Ich habe ja meine Impressum/Datenschutz-Seite auch erst vor zwei Tagen angepasst, wobei ich natürlich meinen unheimlich lustigen und lockeren Duktus beibehalten hab, den ich dort bislang auch schon gepflegt hatte. Damit erfülle ich die Anforderungen der DSGVO in Hinsicht auf “verständliche Sprache” selbstredend viel besser, als die gutgemeinten Muster-Datenschutzerklärungen, die es jetzt im Netz so gibt und in denen aber noch viel herumgeschwurbelt wird a la “unser Unternehmen ist selbstverständlich bemüht, Ihnen ein ganz tolles datenschutzkonformes Benutzererlebnis beim Besuch unserer Special-Interest-‘Perverse’-Sexpraktiken-sind-total-ok-Website” zu liefern. 🙂

Muster-Datenschutzerklärungen “einfach so” unverändert zu übernehmen, zeugt vielleicht von gutem Willen, ist aber andererseits Wasser auf die Mühlen von Abmahnanwälten.
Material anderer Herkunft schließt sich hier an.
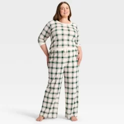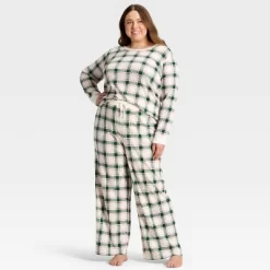 Women’s Plaid Microfleece Holiday Matching Family Pajama Pants – Wondershop™ Cream
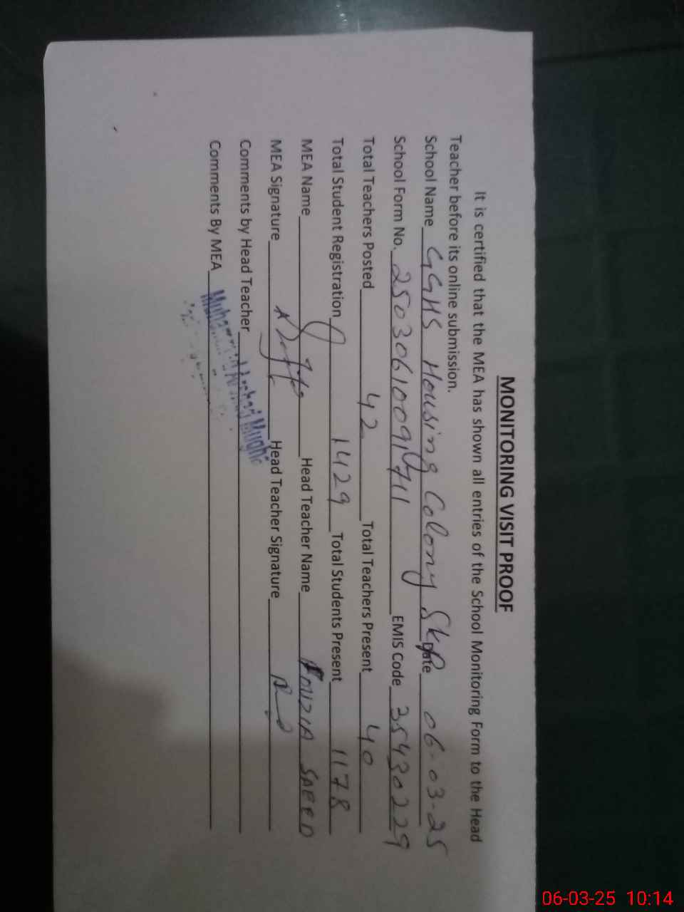 | Attendance Register | Head Teacher | MEA with School | Visit Proof |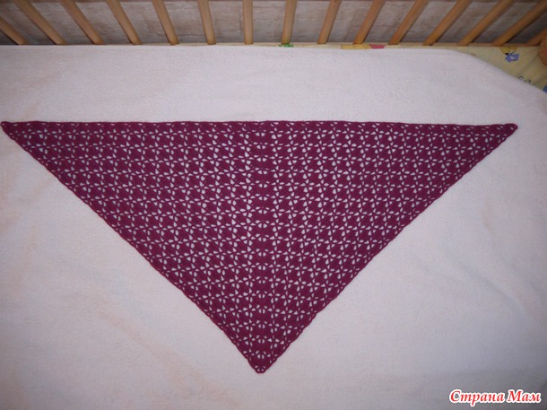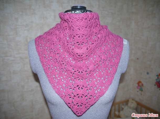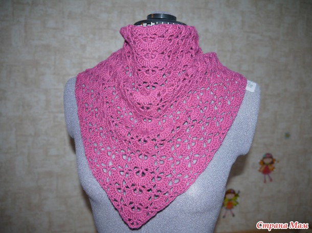 Связала для себя под шапку бактус - косынку., вязала из пехорки кашемировой крючком 5., ушло 2 моточка. Узор брала у нас в СМ., очень простой и легко вяжется. Размер получился метр на 46 см. Обвязку решила не делать., мне нравится и так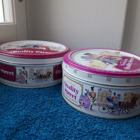 Ahmad Tea peltirasiat, punainen ja sininen. Punaisessa purkissa on englantilaisen puhelinkopin kuva ja teksti English Afternoon Tea. Sinisessä purkissa on englantilaisia hahmoja ja teksti English Breakfast Tea. Pienikokoiset neliönmuotoiset purkit irtonaisilla kansilla soveltuvat esimerkiksi teen, mausteiden tai pienten tavaroiden säilytykseen ja koristekäyttöön. Korkeus ilman kantta 6 cm.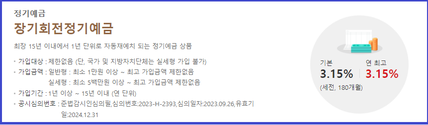 √ 장기회전정기예금 금리는 연 최고 3.15%이며,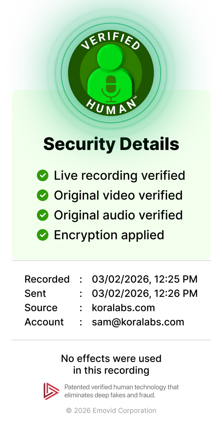 “Emovid’s patented platform verifies human origins while protecting message integrity, creating a new foundation for trusted digital communications.”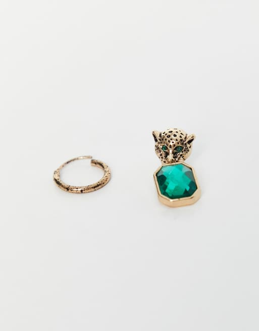 WFTW leopard stud drop earrings with green stone in gold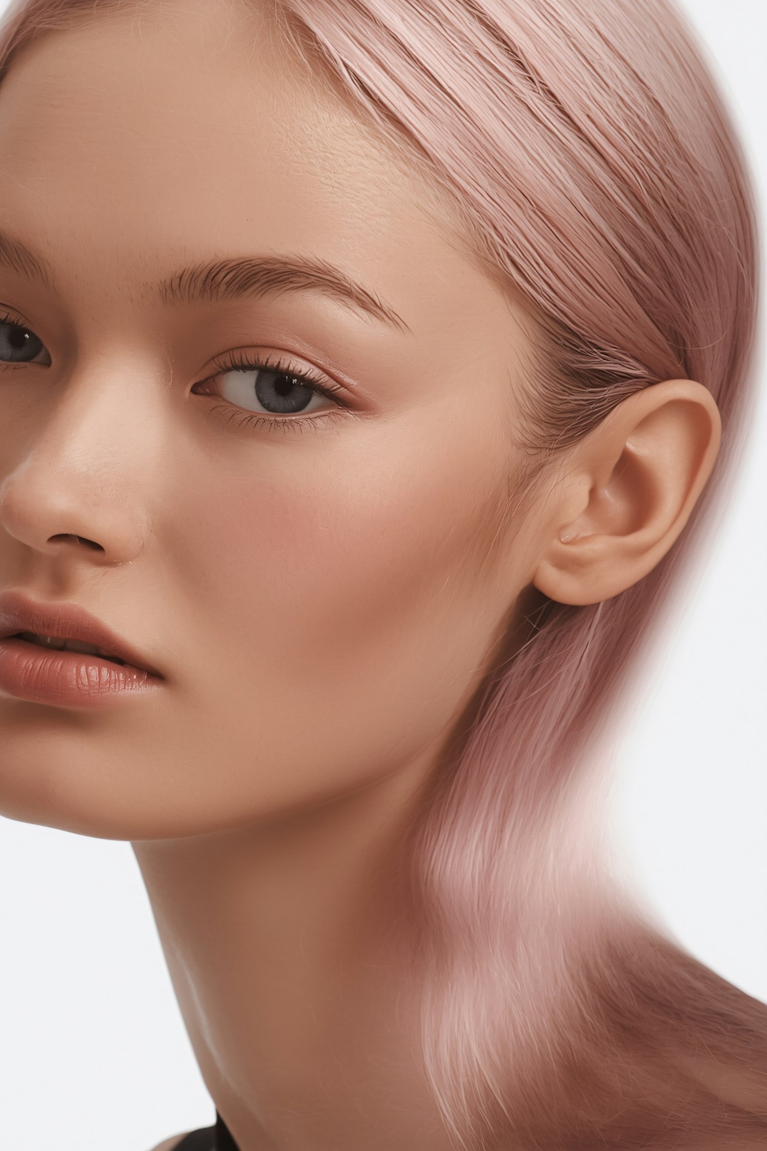 Close-up of a person with pink hair and light skin, showcasing smooth skin and subtle makeup against a plain white background.
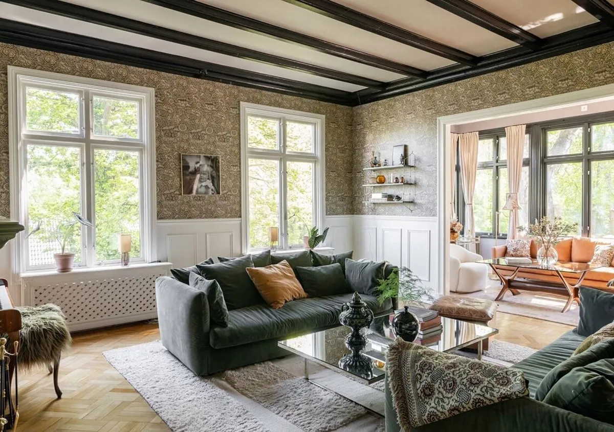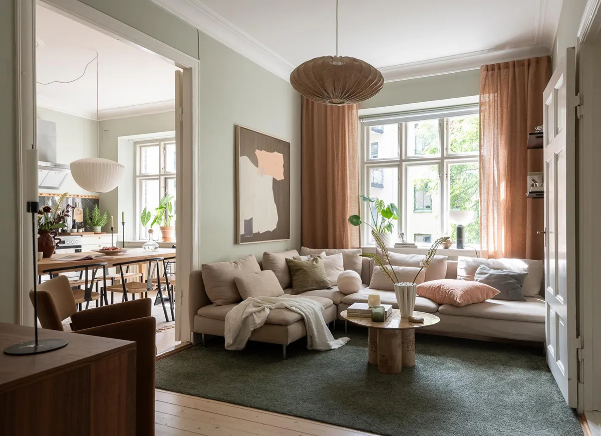 Tonos verdes y acentos cálidos: apartamento en Suecia (87 m²)

Denn deren schon immer ziemlich “gefickt eingeschädelte”/völlig absurde Argumentationsfigur ist ja: Der Datenschutz-Delinquent hat den (auch finanziellen…) Aufwand gescheut, einen datenschutzkonformen Webauftritt zu generieren – und sich damit einen wettbewerbsrechtlichen Vorteil gegenüber unseren ach so gesetzestreuen Auftraggebern verschafft. Ich schätze mal, dass es wahrscheinlich schon ein paar Anwalts-Arschlöcher geben wird, die auf diese Weise versuchen werden, etwas Kohle abzuzocken.
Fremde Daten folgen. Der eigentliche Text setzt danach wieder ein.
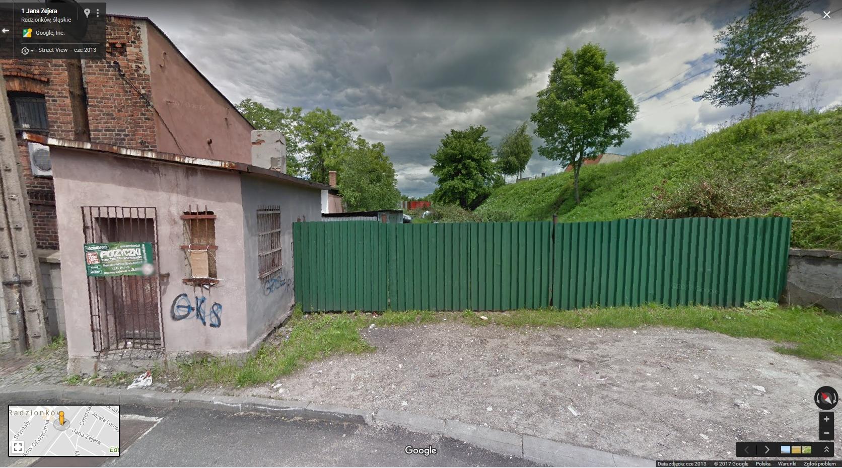 Po lewej strażnica przejazdowa obsługująca dwa tory, tor linii 145 oraz tor wąski. Tory biegły tutaj na wprost a po prawej widać nasyp węglówki. Została wyburzona około lata 2017r.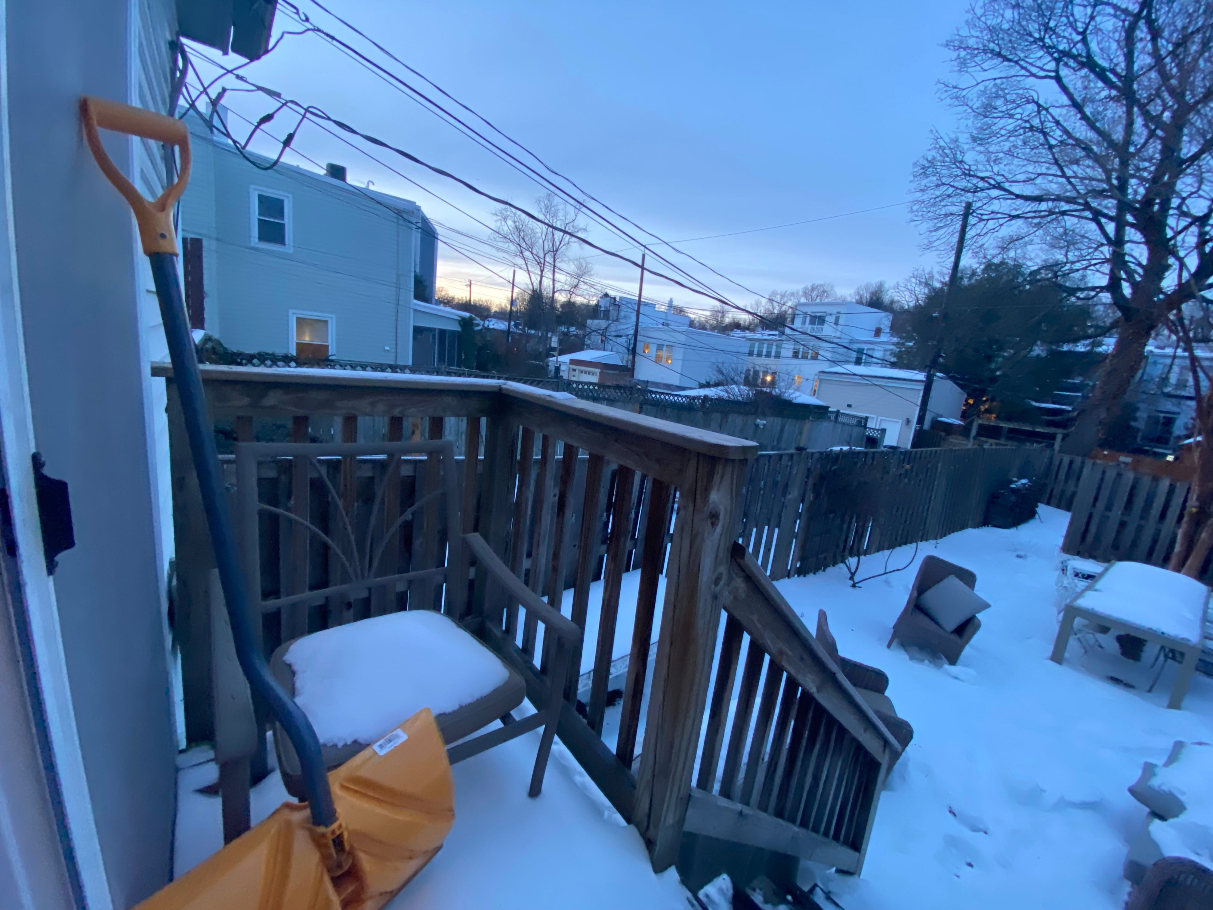 Dave’s work trip was postponed but planes are flying again. Before his Uber arrived, he and Sam took the shovel out.
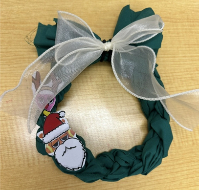 次は緑の布で作るリースです

Das Abmahn-Business beruhte ja immer schon zu einem Gutteil auf Bluff – auf jeden Fall liefert die DSGVO keinerlei neue Aspekte für wettbewerbsrechtliche Ansprüche oder Abmahnungen – rein datenschutzrechtliche Verstöße dürfen nur Behörden oder zugelassene Verbände bemängeln. Wer also tatsächlich in nächster Zeit ein entsprechendes Schreiben oder eine entsprechende Mail von einem Anwalt erhält, sollte relativ gelassen bleiben und sich erst mal informieren – mit allergrößter Wahrscheinlichkeit ist die Abmahnung missbräuchlich, das behauptete Wettbewerbsverhältnis und der angeblich erzielte Wettbewerbsvorteil gar nicht existent. Einfach nicht reagieren ist leider wie immer aufgrund der juristischen Automatismen auch keine gute Idee.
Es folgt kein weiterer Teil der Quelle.